• WORK ORDER:
Transcribe each line below verbatim; pictures excluded.

***** GIVEN MATERIAL *****

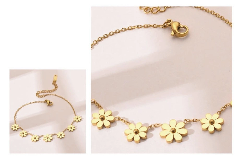 Brățara la modă din flori din oțel chirurgical auriu este fixată cu un cârlig de fixare durabil, care cu siguranță nu se va desprinde în cel mai puțin așteptat moment.
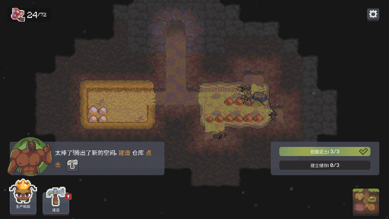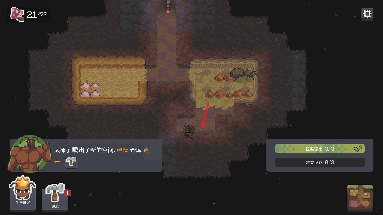 3.当蚂蚁太多的时候,玩家就需要点击这个键来扩建自己的蚁巢。
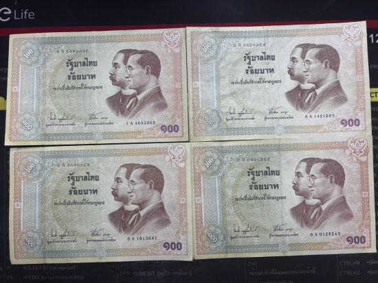 ธนบัตร100บาท ร.5,ร.9 ทั้งหมด4ใบ เคาะเดียวแดง!!!

*****

• TASK ANSWER:
 Brățara la modă din flori din oțel chirurgical auriu este fixată cu un cârlig de fixare durabil, care cu siguranță nu se va desprinde în cel mai puțin așteptat moment.
 3.当蚂蚁太多的时候,玩家就需要点击这个键来扩建自己的蚁巢。
 ธนบัตร100บาท ร.5,ร.9 ทั้งหมด4ใบ เคาะเดียวแดง!!!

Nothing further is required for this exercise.